_YOUR INSTRUCTIONS_. Look below for the line containing "1月27日午后,一群黑頸鶴在"; from there, print each line exactly up to and including the line containing "जब आपका खाता", and stop.

_THE DATA_.
BEGIN

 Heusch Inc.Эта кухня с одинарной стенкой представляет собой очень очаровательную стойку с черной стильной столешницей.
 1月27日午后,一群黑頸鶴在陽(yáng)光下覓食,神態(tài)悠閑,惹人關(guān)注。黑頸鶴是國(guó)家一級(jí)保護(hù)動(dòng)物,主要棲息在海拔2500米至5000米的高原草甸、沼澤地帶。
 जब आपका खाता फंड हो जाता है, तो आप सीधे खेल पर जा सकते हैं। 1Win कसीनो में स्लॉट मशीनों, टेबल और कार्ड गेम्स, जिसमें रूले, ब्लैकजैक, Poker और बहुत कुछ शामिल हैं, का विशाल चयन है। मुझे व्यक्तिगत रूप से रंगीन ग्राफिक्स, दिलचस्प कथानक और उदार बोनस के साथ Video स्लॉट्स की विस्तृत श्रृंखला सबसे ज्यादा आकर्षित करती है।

END
BEGIN

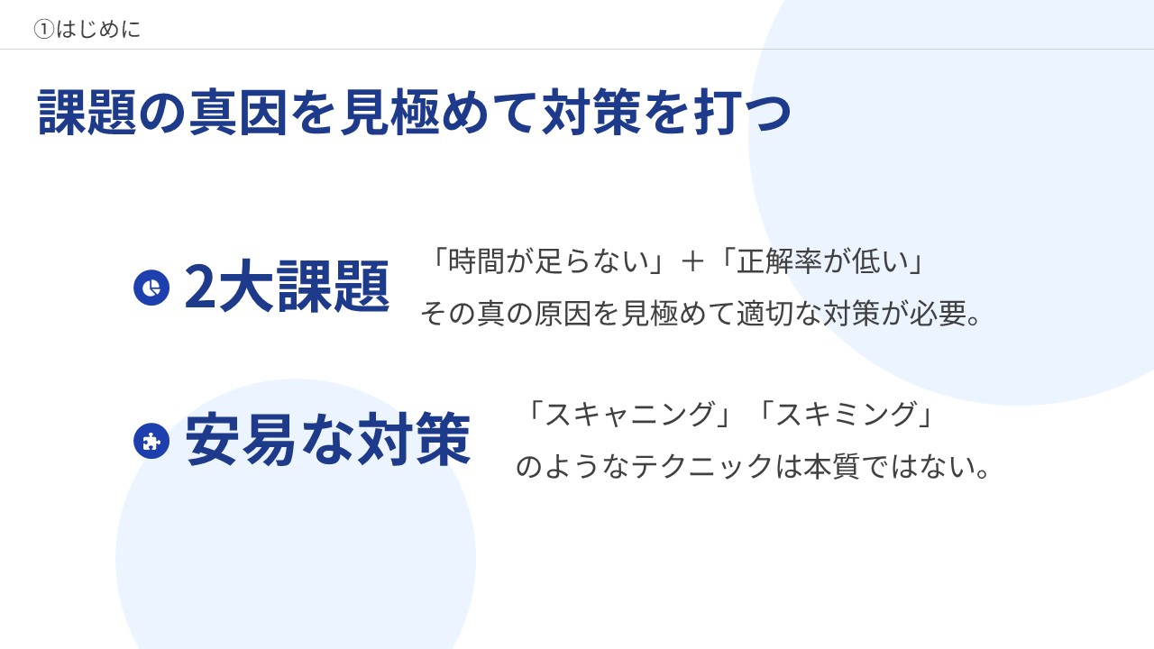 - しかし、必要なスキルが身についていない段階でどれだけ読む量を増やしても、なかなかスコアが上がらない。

END
BEGIN

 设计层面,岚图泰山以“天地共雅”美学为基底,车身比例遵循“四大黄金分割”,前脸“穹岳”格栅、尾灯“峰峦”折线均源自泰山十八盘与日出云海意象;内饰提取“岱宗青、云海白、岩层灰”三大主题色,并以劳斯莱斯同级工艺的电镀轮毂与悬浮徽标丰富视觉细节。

END

_RESPONSE AREA_.
 1月27日午后,一群黑頸鶴在陽(yáng)光下覓食,神態(tài)悠閑,惹人關(guān)注。黑頸鶴是國(guó)家一級(jí)保護(hù)動(dòng)物,主要棲息在海拔2500米至5000米的高原草甸、沼澤地帶。
 जब आपका खाता फंड हो जाता है, तो आप सीधे खेल पर जा सकते हैं। 1Win कसीनो में स्लॉट मशीनों, टेबल और कार्ड गेम्स, जिसमें रूले, ब्लैकजैक, Poker और बहुत कुछ शामिल हैं, का विशाल चयन है। मुझे व्यक्तिगत रूप से रंगीन ग्राफिक्स, दिलचस्प कथानक और उदार बोनस के साथ Video स्लॉट्स की विस्तृत श्रृंखला सबसे ज्यादा आकर्षित करती है।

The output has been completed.